▶ _EXERCISE_
Your copy must start with the line containing "you can name" and end with the last line of the entries, matching them exactly and leaving out every picture.

---- THE DATA

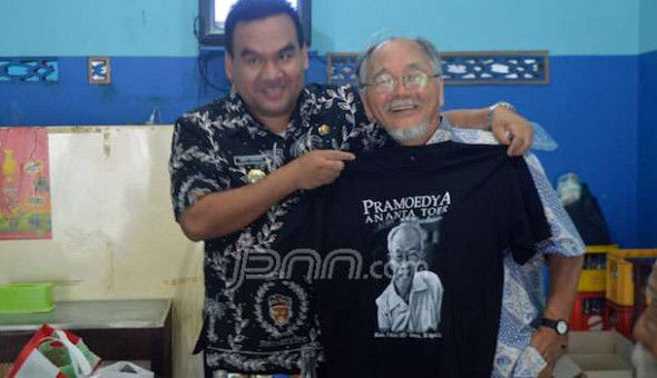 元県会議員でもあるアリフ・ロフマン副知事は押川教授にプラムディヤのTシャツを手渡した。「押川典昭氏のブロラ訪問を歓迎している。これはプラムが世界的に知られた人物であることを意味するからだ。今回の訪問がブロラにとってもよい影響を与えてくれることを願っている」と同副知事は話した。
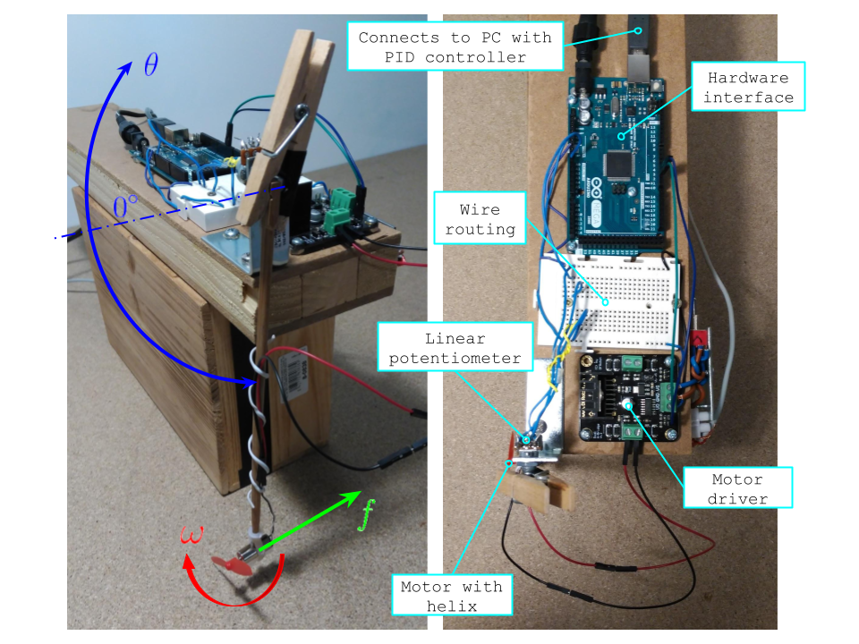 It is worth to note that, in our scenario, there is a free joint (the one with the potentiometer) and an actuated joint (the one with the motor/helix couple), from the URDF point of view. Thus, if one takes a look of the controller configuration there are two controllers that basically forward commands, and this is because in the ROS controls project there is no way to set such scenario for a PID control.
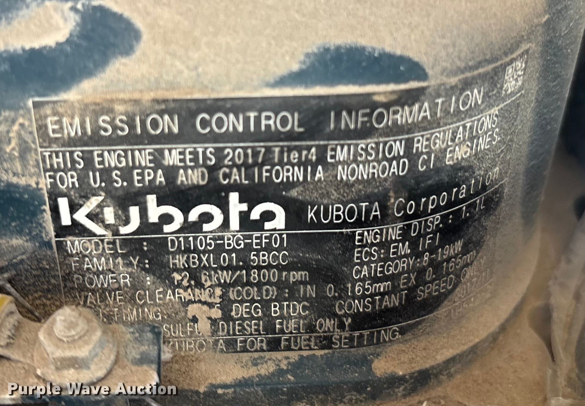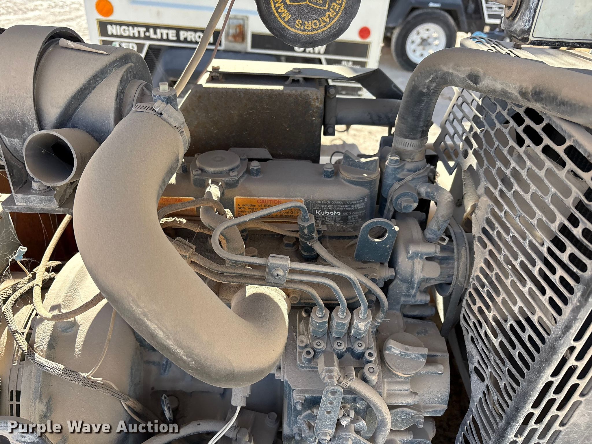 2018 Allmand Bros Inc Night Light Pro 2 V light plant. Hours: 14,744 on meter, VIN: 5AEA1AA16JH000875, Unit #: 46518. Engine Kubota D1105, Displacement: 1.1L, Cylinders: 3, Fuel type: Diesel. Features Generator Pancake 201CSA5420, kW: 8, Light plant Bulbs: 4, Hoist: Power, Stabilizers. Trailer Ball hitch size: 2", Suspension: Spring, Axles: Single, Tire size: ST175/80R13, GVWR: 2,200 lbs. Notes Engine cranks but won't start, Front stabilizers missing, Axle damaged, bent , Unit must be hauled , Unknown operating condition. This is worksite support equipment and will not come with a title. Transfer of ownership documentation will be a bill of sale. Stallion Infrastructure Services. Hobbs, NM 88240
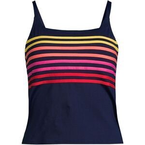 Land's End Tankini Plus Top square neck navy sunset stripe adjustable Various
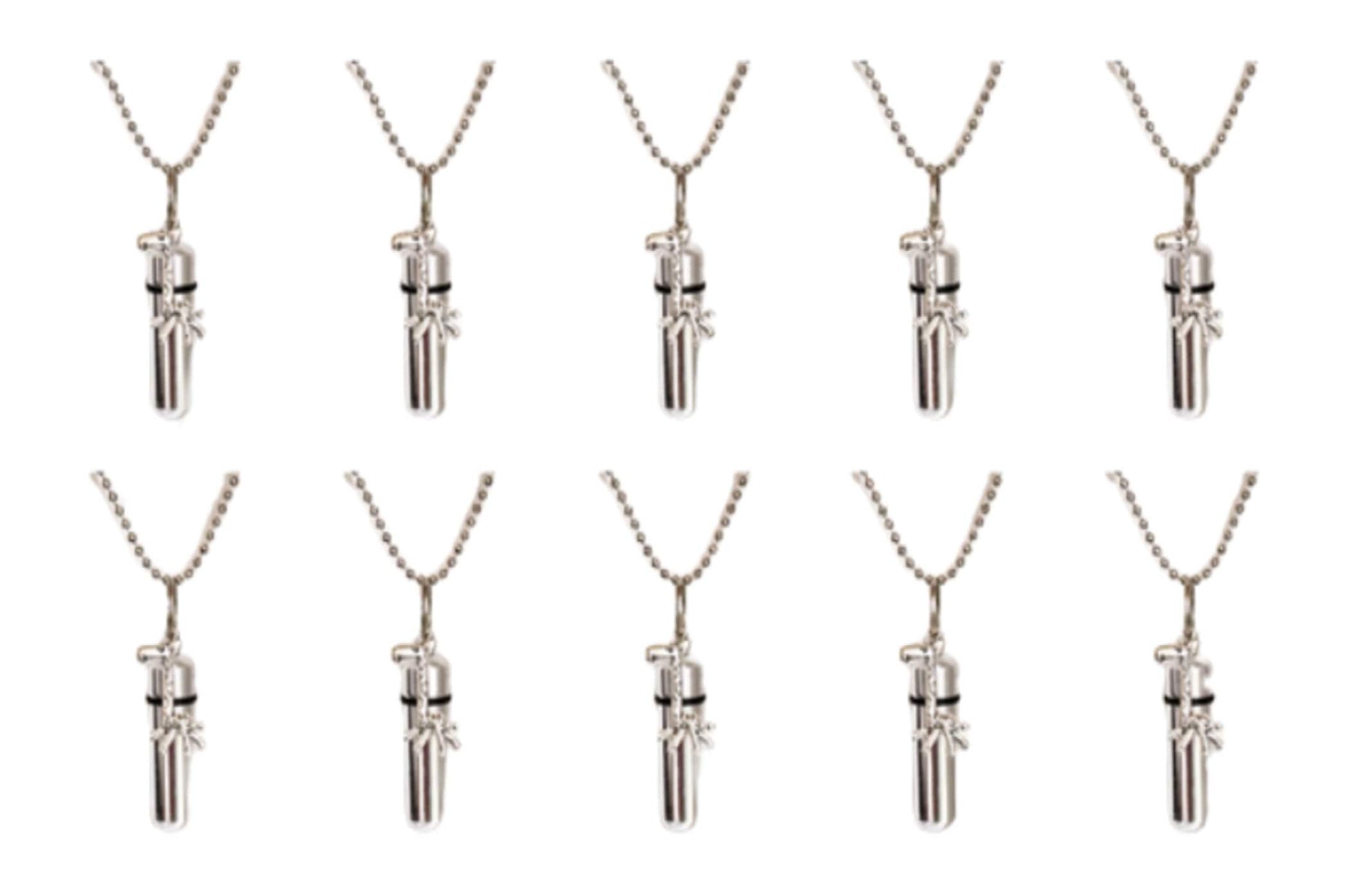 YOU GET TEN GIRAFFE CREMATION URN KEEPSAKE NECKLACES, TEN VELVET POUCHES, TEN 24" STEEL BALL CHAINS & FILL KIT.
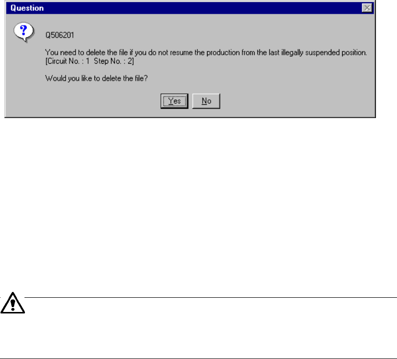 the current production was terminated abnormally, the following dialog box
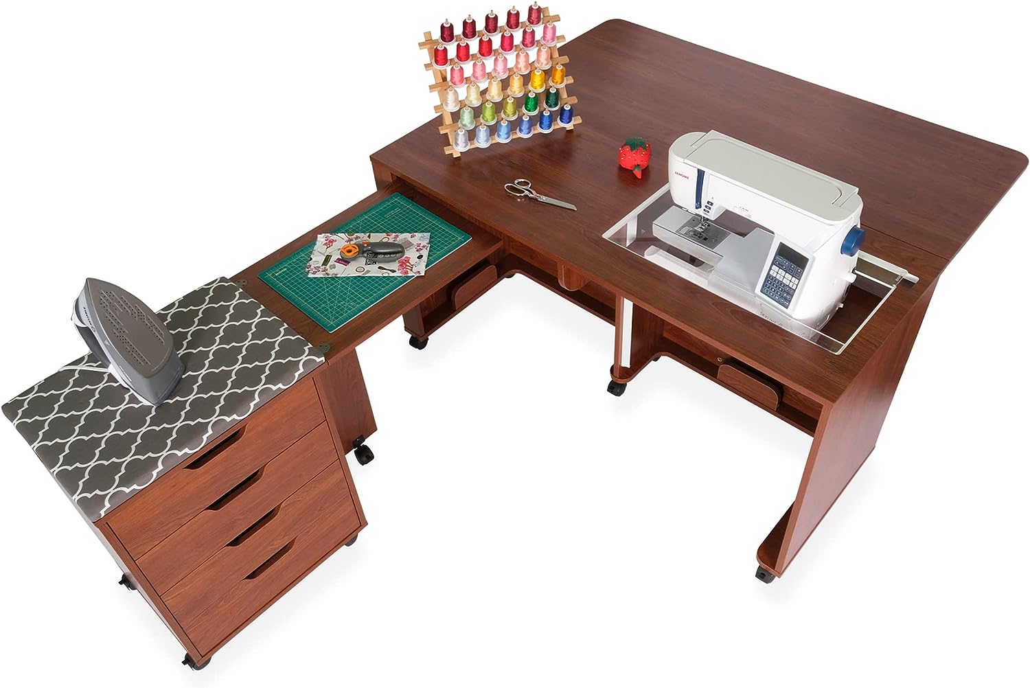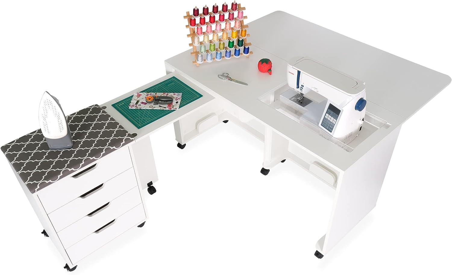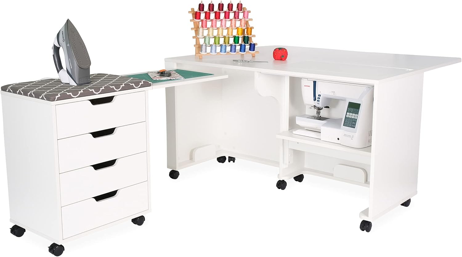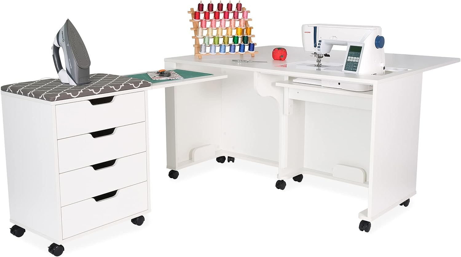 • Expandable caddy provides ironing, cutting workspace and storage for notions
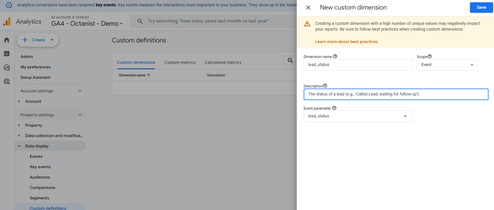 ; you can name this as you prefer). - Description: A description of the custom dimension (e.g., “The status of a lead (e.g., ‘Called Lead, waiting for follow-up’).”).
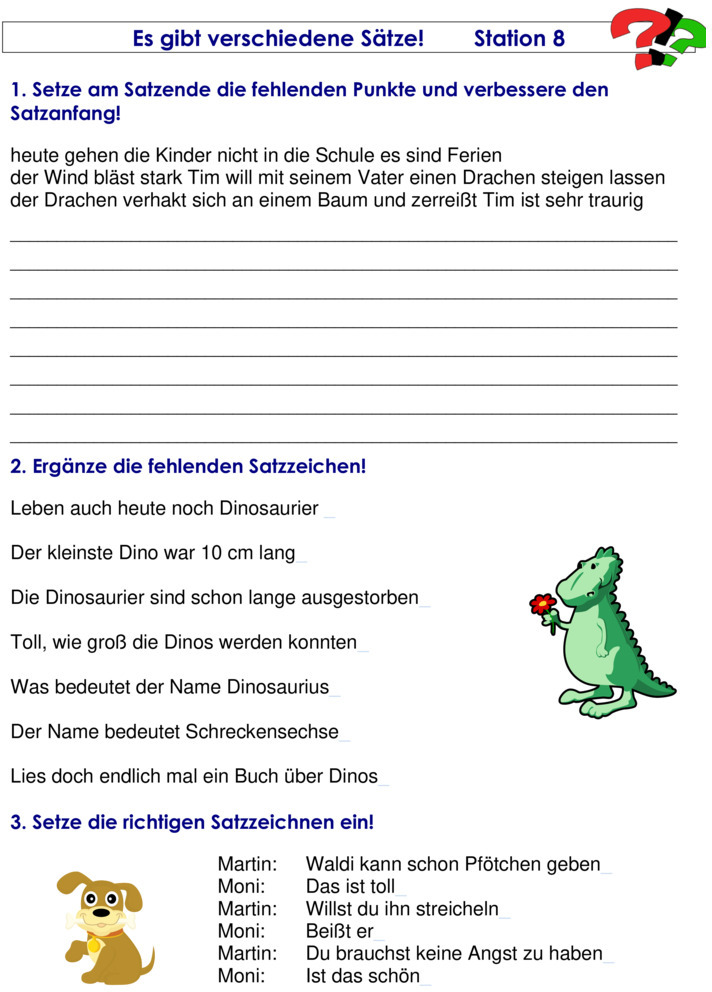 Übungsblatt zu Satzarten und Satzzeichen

--------

▶ _COMPLETED TASK_
 ; you can name this as you prefer). - Description: A description of the custom dimension (e.g., “The status of a lead (e.g., ‘Called Lead, waiting for follow-up’).”).
 Übungsblatt zu Satzarten und Satzzeichen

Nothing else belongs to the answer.